$ A $ is a point at a distance $ 13 \mathrm{~cm} $ from the centre $ O $ of a circle of radius $ 5 \mathrm{~cm} $. $ A P $ and $ A Q $ are the tangents to the circle at $ P $ and $ Q $. If a tangent $ B C $ is drawn at a point $ R $ lying on the minor arc $ P Q $ to intersect $ A P $ at $ B $ and $ A Q $ at $ C $, find the perimeter of the $ \triangle A B C $.

Given:

\( A \) is a point at a distance \( 13 \mathrm{~cm} \) from the centre \( O \) of a circle of radius \( 5 \mathrm{~cm} \). \( A P \) and \( A Q \) are the tangents to the circle at \( P \) and \( Q \).

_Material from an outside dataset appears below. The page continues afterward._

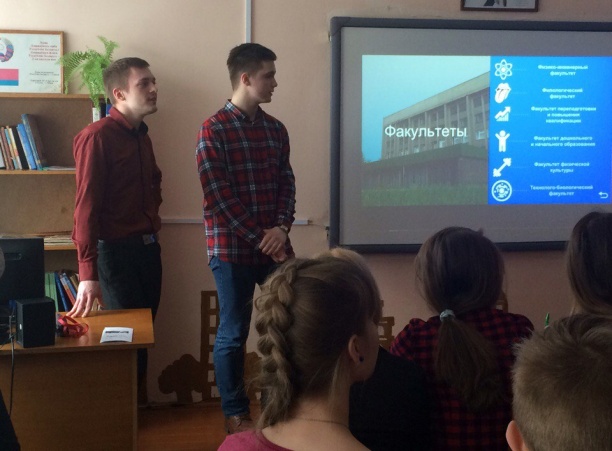 На презентации Лис Юрий и Шевчук Никита рассказали будущим абитуриентам о всех преимуществах учёбы в нашем университете. Гуцко Ирина Николаевна компетентно ответила на вопросы абитуриентов, развеяв мифы и доказав, что наш университет готовит очень хороших специалистов. А выпускница Козенской средней школы Тагаева Александра, нынешняя студентка первого курса филологического факультета и успешная староста 1 группы, рассказала ребятам о своих учебных достижениях, поделилась опытом руководства студенческой группой.

A tangent \( B C \) is drawn at a point \( R \) lying on the minor arc \( P Q \) to intersect \( A P \) at \( B \) and \( A Q \) at \( C \).

To do:

We have to find the perimeter of the \( \triangle A B C \).

Solution:

$\angle OPA = 90^o$    (Tangent at a point on a circle is perpendicular to the radius through the point of contact)

In $\triangle OPA$,

$OA^2 = OP^2 + PA^2$    (By Pythagoras theorem)

$(13)^2 = 5^2 + PA^2$

$PA^2 = 169-25$

$=144$

$=(12)^2$

$\Rightarrow PA = 12\ cm$

Perimeter of $\triangle ABC = AB + BC + CA$

$= (AB + BR) + (RC + CA)$

$= AB + BP + CQ + CA$   (since $BR = BP$ and $RC = CQ$, Tangents from internal point to a circle are equal)

$= AP + AQ$ 

$= 2AP$        (Tangents from internal point to a circle are equal)

$= 2 \times 12$

$= 24\ cm$

The perimeter of $\triangle ABC$ is $24\ cm$.